第57章 導く想いのコン・センティメント【渋谷事変】


『顔面の傷……今のは位置の入れ換え。花御を追い込んだ術師だな』

 真人の声が遠くで聞こえるも、虎杖は立ち上がることができなかった。そこへ、「東堂さん!」と見知らぬ燕尾服の学生服を着た少年が近づいてくる。

「あっちの子らの処置、終わりました。でも、男の子の方は助かりますけど、女の子の方は多分 死んでますよ。後で俺のせいにせんといてくださいね」

「御託はいい。ブラザーも頼む」

 頭が回らない。何の話をしているんだろうか。

「起きろ、ブラザー! 俺たちの戦いはこれからだ‼」

「縁起悪っ……!」

 腹の底に響く東堂の声に、見知らぬ声が掻き消される。だが、いつもなら頼もしく聞こえるはずの呼びかけが、今は重たかった。

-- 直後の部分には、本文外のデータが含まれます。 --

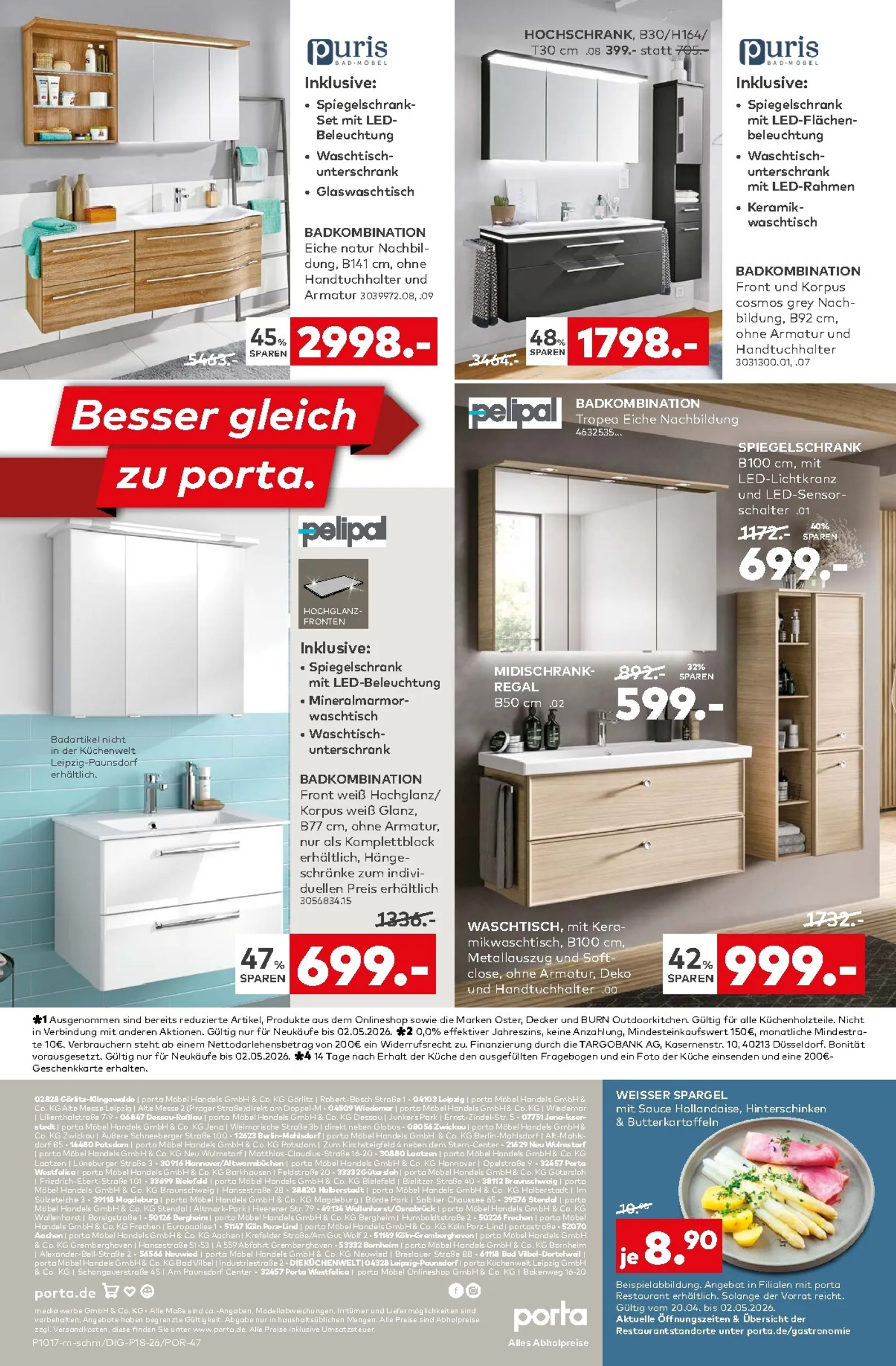 Neben der Küchenwelt bietet Porta auch für das Badezimmer erstklassige Lösungen. Verwandeln Sie Ihr Bad in eine Wellness-Oase mit stilvollen Badkombinationen von Puris und Pelipal. Ein komplettes Set von Pelipal in Hochglanz-Weiß, bestehend aus Spiegelschrank und Waschtisch mit Unterschrank, ist für nur 699 € erhältlich. Diese Woche bietet sich die perfekte Gelegenheit, das eigene Bad mit funktionalen und eleganten Möbeln aufzuwerten und dabei kräftig zu sparen.

「東……堂……俺は……もう、戦えない……釘崎と順平が死んで……七海さんだって、生きてるか死んでるか分からない……」

「七海一級術師が⁉」

 燕尾服の少年の声が驚きの声を上げる。

 蹲るように自分の身体を抱きしめ、虎杖は縮こまった。

「宿儺が……いっぱい殺したんだ……だから……俺はもっといっぱい……人を助けなきゃって……だけど できなかった! 俺はただの人殺しだ‼」

 自分が信念だと思っていたものは、自分のための言い訳でしかなかったのだ。


 ――『オマエがいるから! 人が死ぬんだよッ!』


「俺はもう……俺を許せない……」

 か細く震える声に真人が『ヒヒッ』と嗤った。